Figures 5A and 5B illustrate the first two measures across the five successive probe tests. Probe tests 1a and 1b were conducted in the middle and at the end of the first acquisition phase, respectively. Both mutant and control mice showed a clear preference to the target (SE) quadrant. By contrast, performance in probe tests 2 and 3 was relatively low, and close to chance level; and mutant and control mice again behaved similarly. In probe test 4, which was conducted in Room 2 just prior to the last day's training, performance was somewhat intermediate between probes 1a~1b and probes 2~3. These impressions obtained from these two measures are highly congruent with each other.
Separate 2 × 5 (genotype × probes) ANOVAs yielded a near-significant effect of probes in percent time spent [F(4,39)=2.59, p=0.05], and in percent distance in target quadrant [F(4,39)=6.23, p<0.001]. There was no indication of any genotype effect or its interaction [all F's<1]. To assess whether preference for the target quadrant differed from chance level performance, we conducted separate one-sample t-tests for each of the five probe tests. To this end, mutant and control mice were pooled for the purpose of analysis because there was no statistical indication of any significant genotype difference in the overall ANOVAs. In agreement with the above impressions: significant above-chance preference (in percent time or percent distance) for the current target quadrant was detected in probe tests 1a and 1b only [p<0.005], although a non-significant tendency seemed also to be present in probe test 4 [p<0.1].
Next, we also examined whether the two genotypes differed in terms of their search in the quadrants containing the escape platform in the preceding learning phase – on probe tests 2 and 3 (see Figures 5A and 5B). The relatively poor performance on probe tests 2 and 3 might stem from a tendency to search in the target quadrant of the previous learning phase. To this end, we conducted 2 × 2 (genotype × quadrants) ANOVA contrasting the two relevant (current vs previous target) quadrants for probe tests 2 and 3 separately. However, none of these analyses (based either on percent time or percent distance per quadrant) yielded any significant effects. Likewise, we also evaluated whether preference for the previous target quadrant might differ from chance level using one-sample t-tests as described before.
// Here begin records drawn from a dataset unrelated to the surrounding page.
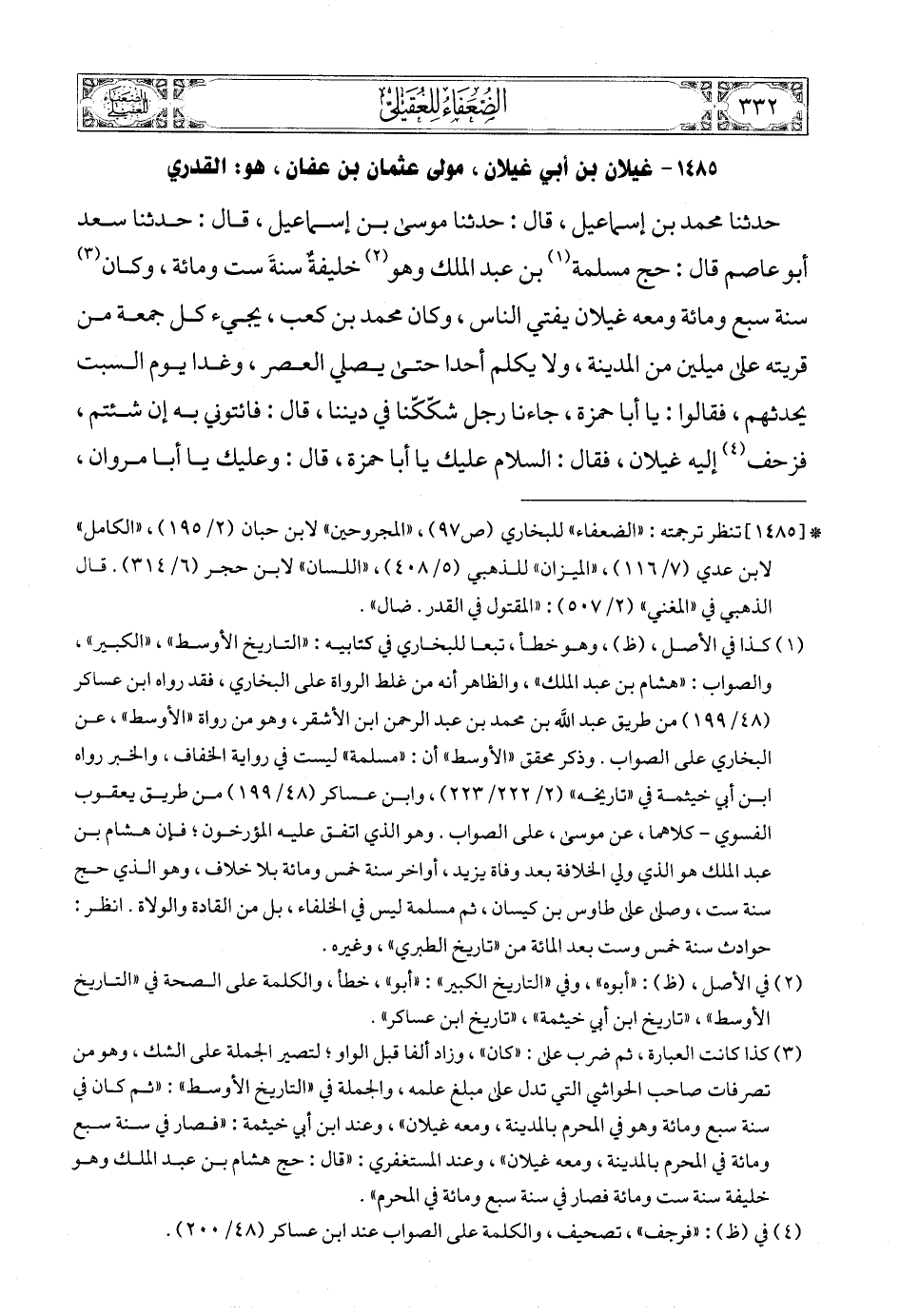 (1) * [1485] تنظر ترجمته: «الضعفاء» للبخاري (ص97) , «المجروحين» لابن حبان (2/ 195) , «الكامل» لابن عدي (7/ 116) , «الميزان» للذهبي (5/ 408) , «اللسان» لابن حجر (6/ 314). قال الذهبي في «المغني» (2/ 507): «المقتول في القدر. ضال».
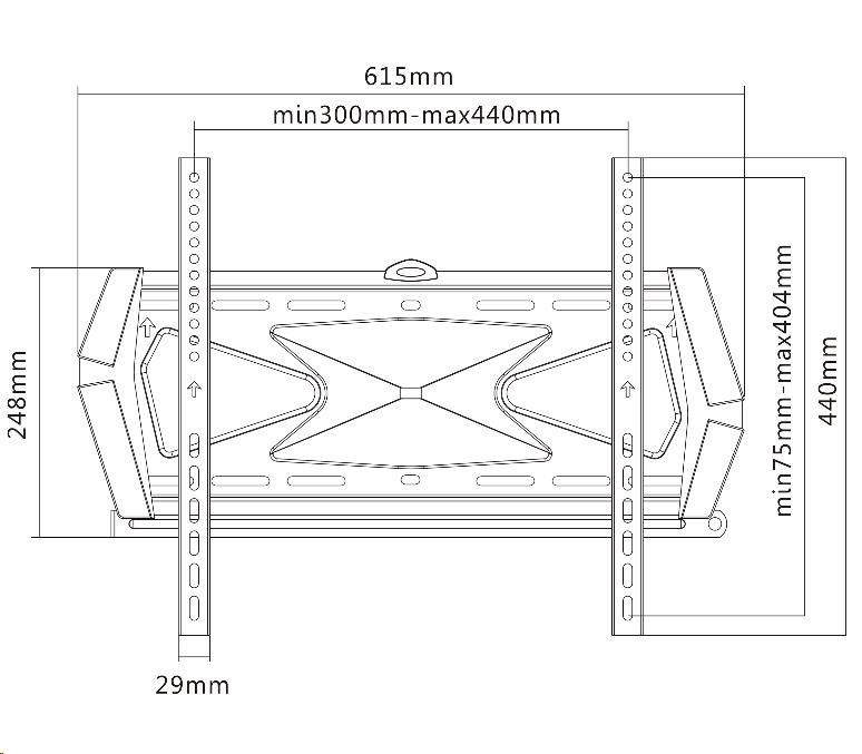 Technické údaje: nosnosť 40kg podpora VESA 300x200 až 400x400 na televízory a monitory s uhlopriečkou 42-55" systém pre uzamknutie TV na držiaku (zámok nie je súčasťou balenia) vzdialenosť od steny 22mm veľmi pevná konštrukcia dizajnové krytky inštalačný materiál, vodováha farebné prevedenie čierne záruka 3 roky Držiak podporuje VESA: VESA300x200 VESA 300x300 VESA 400x200 VESA 400x300 VESA 400x400 v prípade demontáže stredového dizajnového krytu umožníte nastavenie VESA 100x100, VESA 200x100 a VESA 200x200
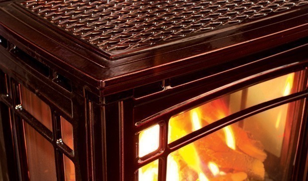 Available in both painted black and enameled antique chestnut, the Berkeley uses a high quality cast iron construction. Instead of a typical steel burner tube, the Berkeley uses a ceramic burner that blends in with the ultra high definition 9 piece ceramic log set, providing a natural looking burn

These suggested a highly significant above-chance preference for the previous target quadrant in probe test 2 [p<0.005 and p<0.001 for percent time and percent distance, respectively], but not in probe test 3.
The overall lack of any genotype effects described above was consistent with additional one-way ANOVAs conducted for each probe test (either current or previous target quadrant), and two-way ANOVAs that included all four quadrants within a given probe test.
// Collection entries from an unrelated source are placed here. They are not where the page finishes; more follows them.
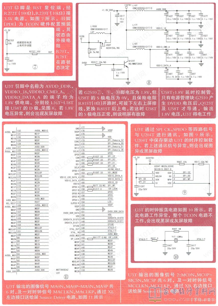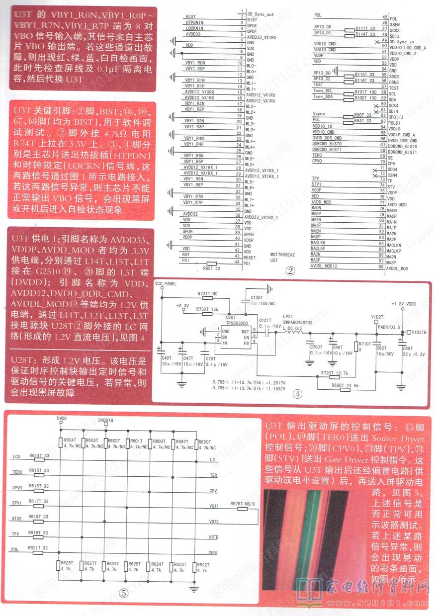 在长虹该类机型的TCON信号处理电路中,主芯片MT5520AEDJ(UM1)将数字信号转换成VBO编码信号,输往TCON时序控制电路,如图1所示。TCON定时控制芯片为MST7665EAZ(U3T),该芯片又称为图像处理控制器,需在软件下完成图像定时输出处理,左右输出各10对MINI_LVDS信号及多路时序控制信号去液晶屏行列驱动器。图2所示为时序控制块脚分布有关电路图。
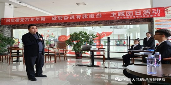 2021年是建黨100周年,也是“十四五”開局之年。內蒙古鴻德文理學院經濟管理系以慶祝建黨百年為契機,緊密結合“黨史學習教育活動”和系內特色黨建,于2021年4月16日學院文體館一樓“青年之家”舉辦“同慶百年建黨華誕,砥礪奮進有我擔當”主題團日活動。
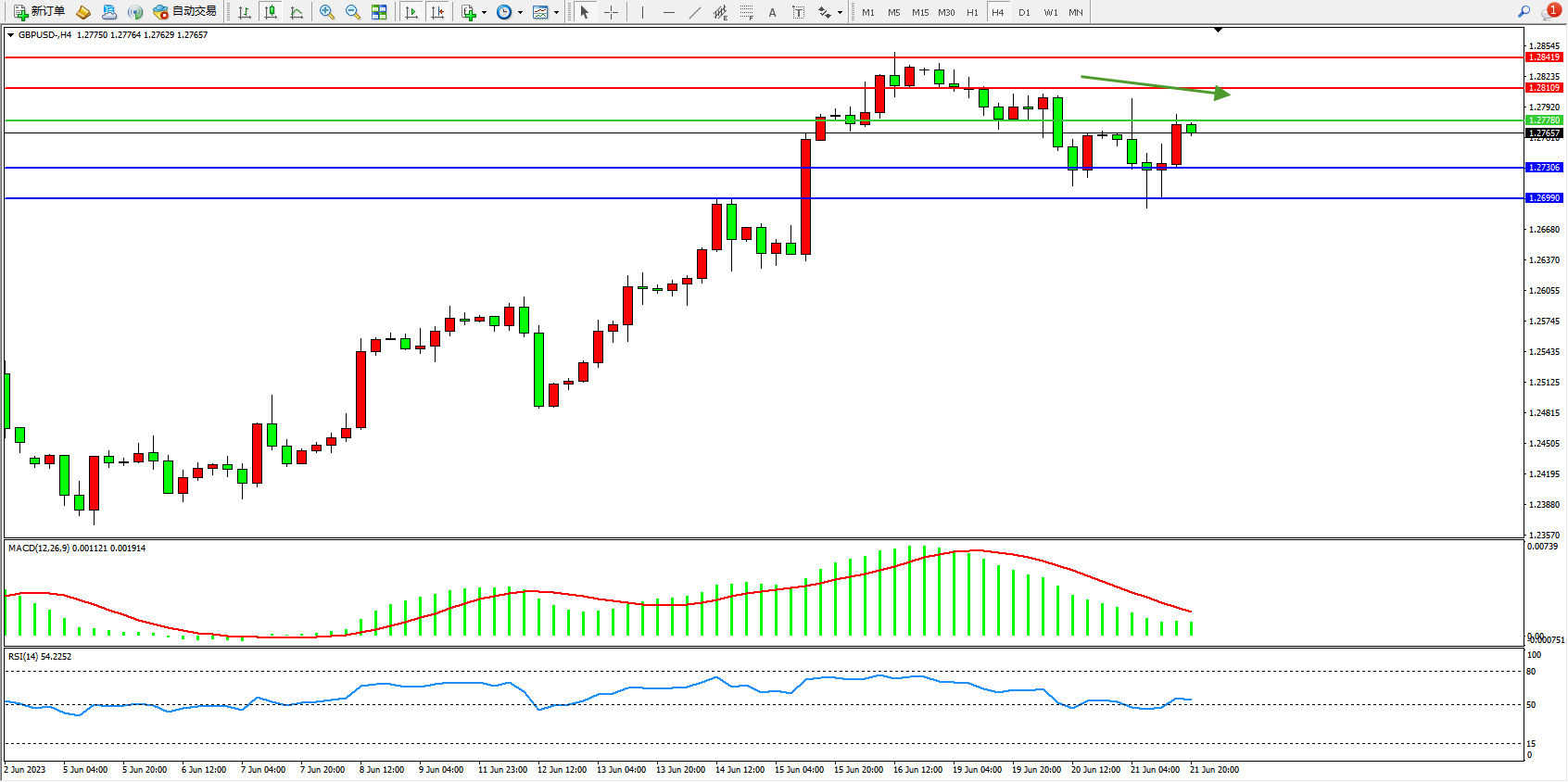 交易策略:1.27780下方看跌,目标1.27306 1.26990
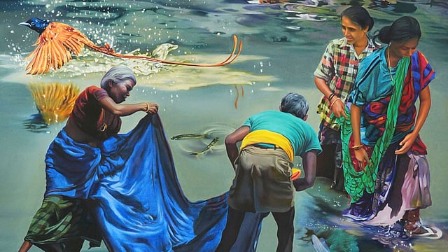 In Threads of Sustenance, Thrissur-based self-taught artist K.G. Babu depicts the fishing practices of the Adivasi community in Attappadi, located in the Western Ghats of Kerala, India. Here, fishing serves as a means of sustenance — and by extension survival — rather than trade, sourced from the surrounding natural environment with conscious choices for long-term preservation and a commitment to avoiding over-exploitation. This approach reflects the community's keen understanding of natural resources and their commitment towards maintaining ecological balance — a stark contrast to the excess-driven pursuits of endless consumption championed by contemporary capitalist cultures.
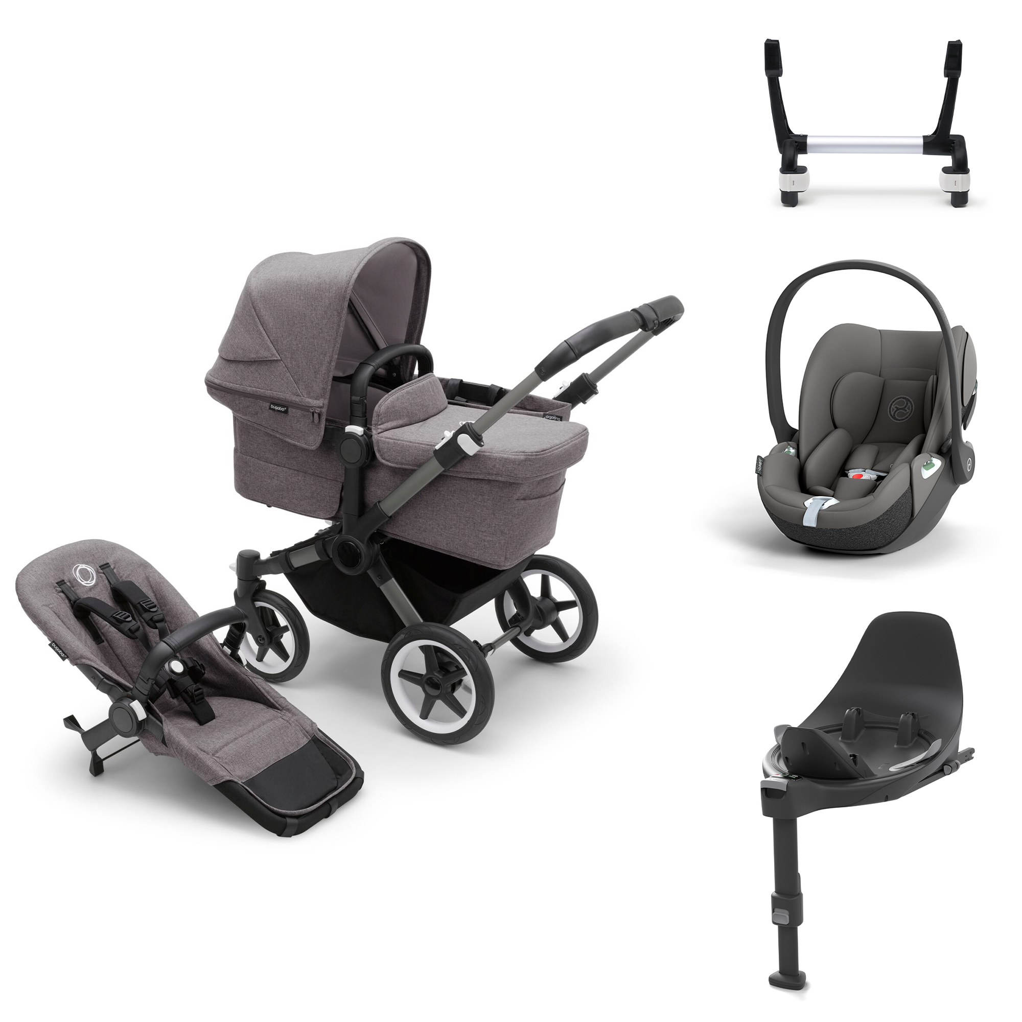 Bugaboo Donkey5 Mono starttipaketti on kattava vaunupaketti vauvan kanssa liikkumiseen. Starttipaketti sisältää Donkey5 Mono yhdistelmävaunut (väri Grey Melange/Graphite runko), Cybex Cloud T turvakaukalon, Base T isofix-telakan ja adapterin, jolla turvakaukalo voidaan kiinnittää rattaan runkoon.

Finally, the measure of annular crossings was examined as an additional dependent variable of search accuracy. As illustrated in Figure 5C, mutant and control mice performed similarly on this measure, although a transient impairment in the mutant was detected in probe test 1a. A 2 × 5 (genotype × probes) ANOVA however failed to yield any significant effect, including the critical interaction term [F<1]. Nonetheless, we conducted separate one-way ANOVAs for each successive probe test. These yielded a significant main effect of genotype only in probe test 1a [F(1,9)=5.31, p<0.05], indicating that search accuracy was lower in the mutant mice on this particular probe trial, although they performed similarly to control mice from probe test 1b onwards.
Overall, the various probe tests confirmed that at the end of the first acquisition phase, and by the end of each additional phase of new learning, the mutant and control mice were largely similar in performance, exhibiting similar spatial search in the water maze. This suggests that both groups were relying on extra maze to a large extent in guidance of their spatial search.
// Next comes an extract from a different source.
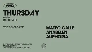 Trip Don't Sleep - Anabelen / Auphoria / Matteo Calle takes place at MAD Radio NYC in New York City, United States on April 30, 2026. Featuring Auphoria. Minimal sounds all night.
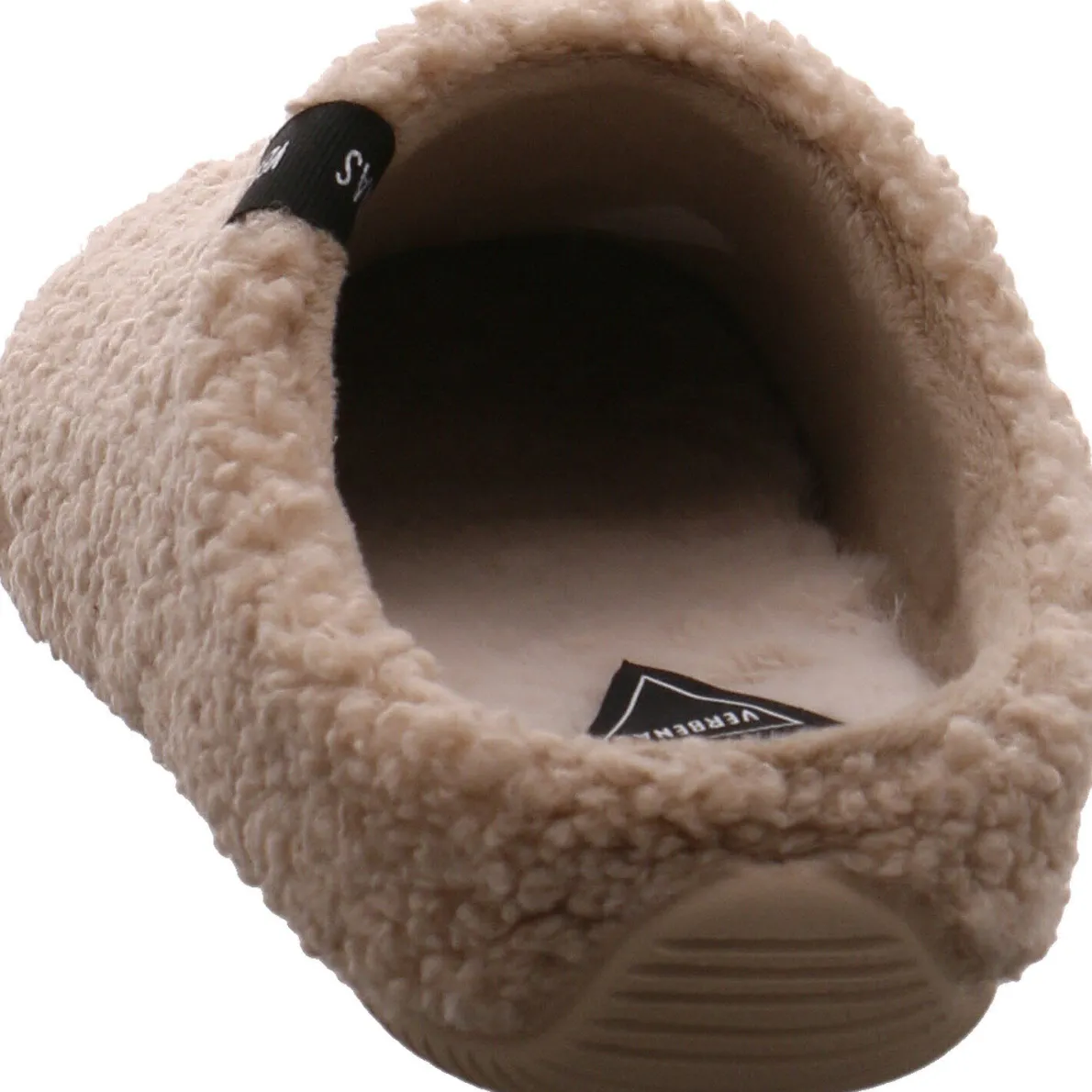Das kuschelig weiche Textil Obermaterial in Beige hält die Füße auch im Winter garantiert warm und die Gummisohle bietet gleichzeitig einen sicheren Halt. Die flauschig weiche Innensohle sorgt für besonderen Tragekomfort.

As an explicit and alternative test of the proactive interference effect on learning, we next compared the mutant and control mice on an appetitive (motivated by food reward) non-spatial two-choice discrimination task on a T-maze. Proactive interference was demonstrated by reversing the reinforcement contingency of the two visual discriminanda upon successful discrimination. In the initial acquisition, two mutant mice failed to acquire the running response, and they were dropped from the experiment at the end of day 2. The number of subjects in the mutant group was thus reduced to 5. All controls from the reference memory test (n=4) were included here.
As depicted in Figure 6A, mutant and control mice did not differ in the acquisition of a pattern discrimination task in the T-maze. They took a similar number of trials before reaching criterion performance. However, their performance markedly differed in the reversal phase. The control mice displayed a clear reversal effect: they took longer to achieve criterion performance in the reversal phase in comparison to the initial acquisition. By contrast, the reversal effect was absent in the mutant mice. These impressions were confirmed by a 2 × 5 (genotype × phases) ANOVA of the dependent measure, which yielded a significant interaction [F(1,7)=6.99, p<0.05], accompanied also by the emergence of a significant main effect of genotype [F(1,7)=11.41, p<0.05]. Analyses of performance restricted to each phase indicated the presence of a highly significant genotype effect in the reversal phase [F(1,7)=21.00, p<0.005], but not in the acquisition phase [F<1]. Analyses restricted to each genotype confirmed the presence of a reversal effect in the control [F(1,3)=48.76, p<0.01] but not in the mutant mice [F<1].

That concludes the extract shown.